# DIRECTIONS:
Go to the line that contains "汎用性抜群!コットンリネン素材を使用した7分袖のプルオーバーシャツ", then write out that line and all that follow to the end of the listing, exactly and without pictures.

─── DATA

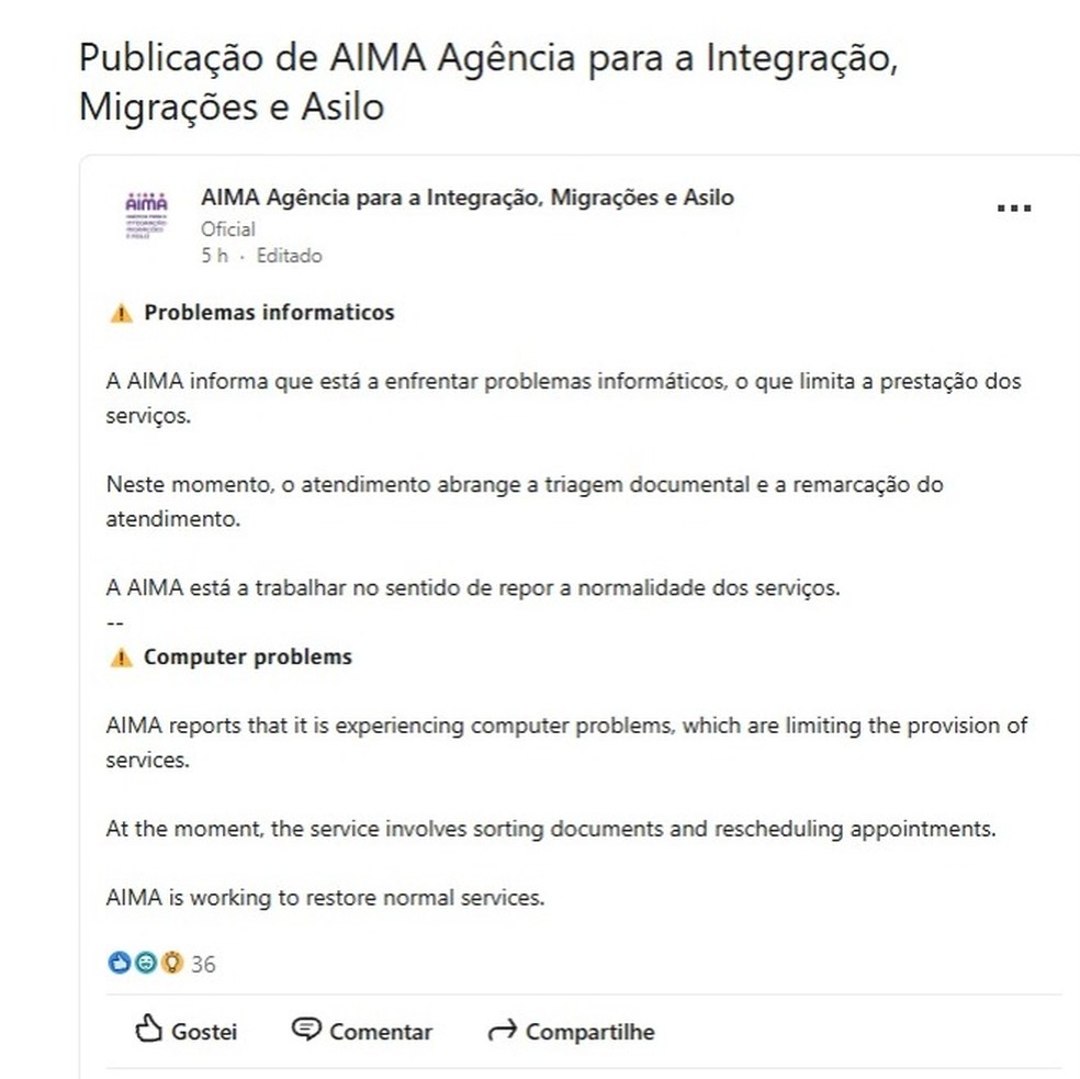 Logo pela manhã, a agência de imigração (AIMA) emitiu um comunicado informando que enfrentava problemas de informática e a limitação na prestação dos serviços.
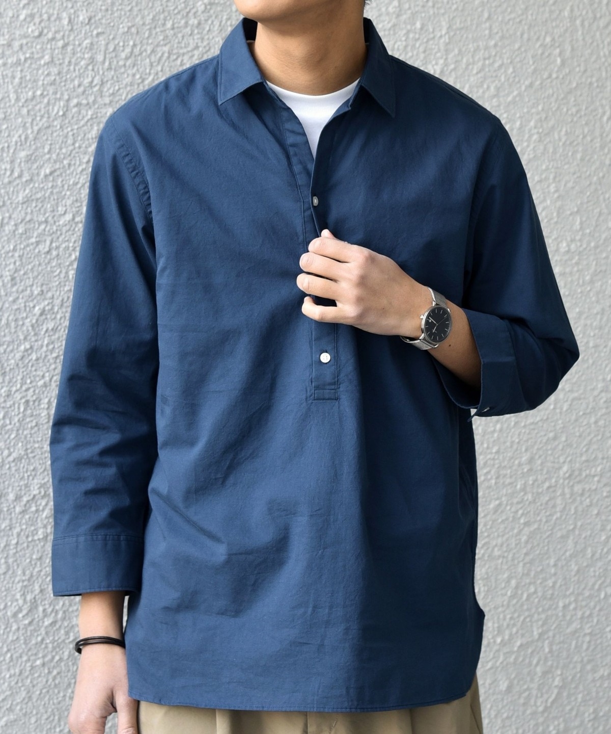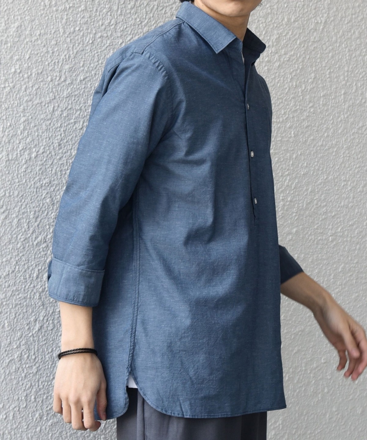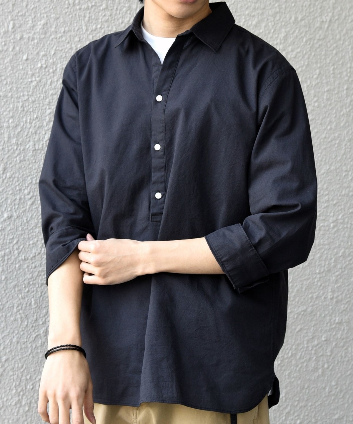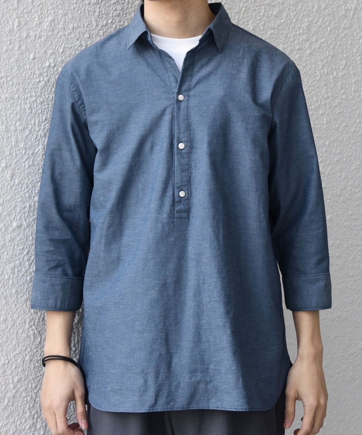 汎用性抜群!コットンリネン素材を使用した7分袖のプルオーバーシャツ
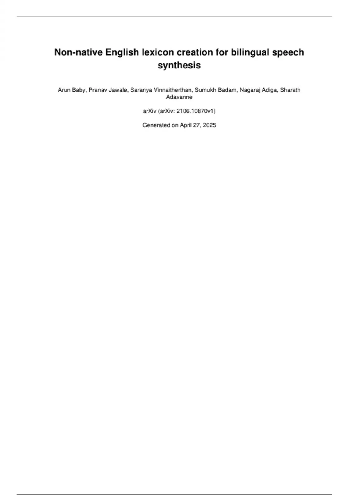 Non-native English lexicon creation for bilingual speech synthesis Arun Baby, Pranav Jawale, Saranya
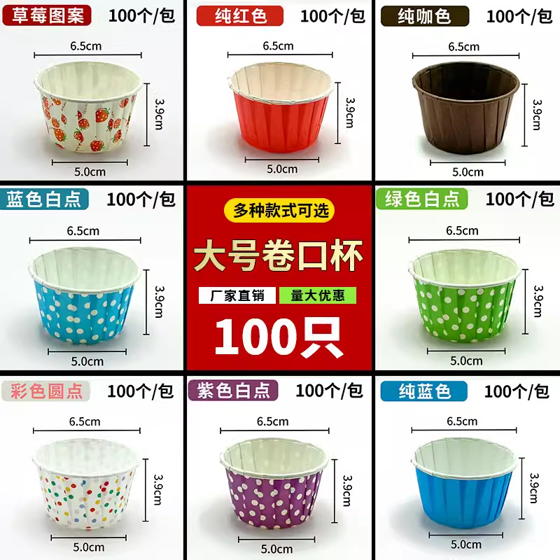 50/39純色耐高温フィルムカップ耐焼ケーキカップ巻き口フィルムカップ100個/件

──────

# WRITTEN ANSWER:
 汎用性抜群!コットンリネン素材を使用した7分袖のプルオーバーシャツ
 Non-native English lexicon creation for bilingual speech synthesis Arun Baby, Pranav Jawale, Saranya
 50/39純色耐高温フィルムカップ耐焼ケーキカップ巻き口フィルムカップ100個/件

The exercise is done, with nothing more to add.